# Those beautiful double dilutes



## gigem88 (May 10, 2011)

Pretty pretty!


----------



## HorseLovinLady (Jul 18, 2011)

I love them too!! This is Bonnie she an 11 year old cremello paint mare.

Bonnie.









Bonnie with her 3 year old filly Cheyenne.


----------



## LuvMyPerlinoQH (Jun 21, 2011)

HorseLovinLady said:


> I love them too!! This is Bonnie she an 11 year old cremello paint mare.
> 
> Bonnie.
> 
> ...



Very pretty girls you got there.


----------



## atreyu917 (May 22, 2011)

Sooo handsome


----------



## To ride the sky (May 30, 2011)

Yay Double Dilutes!  I love them! My baby's other Mom lol is a Double Dilute but not sure which C, P or SC. Could you folks tell from photos? I've always wanted to know! Thanks!


----------



## blue eyed pony (Jun 20, 2011)

I think cremello based on the colour of the tail. Perlinos usually have darker manes and tails and a smokey cream will generally be darker than your horse. I'm no expert though.
_Posted via Mobile Device_


----------



## jclarke (Jul 18, 2011)

LuvMyPerlinoQH what a beautiful one you share, Thank you for share. I have same one.


----------



## LuvMyPerlinoQH (Jun 21, 2011)

jclarke said:


> LuvMyPerlinoQH what a beautiful one you share, Thank you for share.

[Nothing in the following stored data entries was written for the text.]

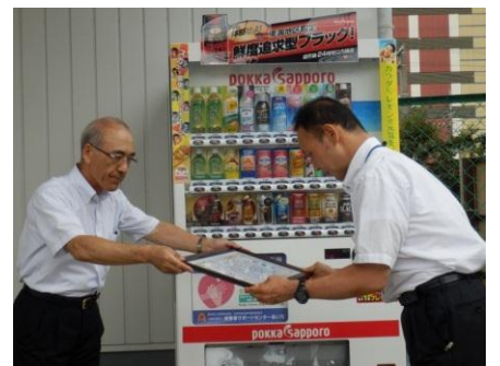
■自動販売機を設置した企業に対して法人から感謝状を送る様子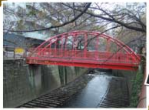
中の橋 青葉台3丁目辺り ロングバケーション ラストクリスマス ホタルノヒカリ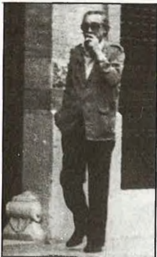
L'escriptor, passejant per Sueca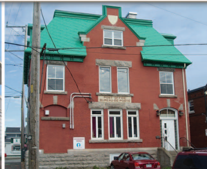
TRAME 8 Ancien bureau de poste 118, rue Saint-Jean-Baptiste Est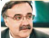
Του Λάμπρου Καραγεώργου

Πριν τρία χρόνια ο πρόεδρος του Επικουρικού Κεφαλαίου Δημήτρης Ζορμπάς πρότεινε να μεταφερθεί στο Επικουρικό Κεφάλαιο το Κέντρο Πληροφοριών προκειμένου έτσι όλος ο ασφαλισμένος στόλος των αυτοκινήτων να είναι κάτω από ένα έλεγχο.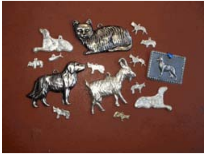
Figura 1. Los exvotos se pueden representar de diversas formas: figuras de ceras y metal.

I have same one.


Thank you.


----------



## Horse (Jul 26, 2009)

this is my cremello when i first got him (black dots are flies) i am putting lots of weight on him


----------



## Horse (Jul 26, 2009)

DSCN0998 | Flickr - Photo Sharing!


----------



## nicole25 (Jun 24, 2011)

Do they have white eyes?


----------



## LuvMyPerlinoQH (Jun 21, 2011)

nicole25 said:


> Do they have white eyes?


No they have blue eyes.


----------



## OTTBLover (Jun 23, 2011)

Here is my kids little Cremello Welsh A 'Rocket'...


----------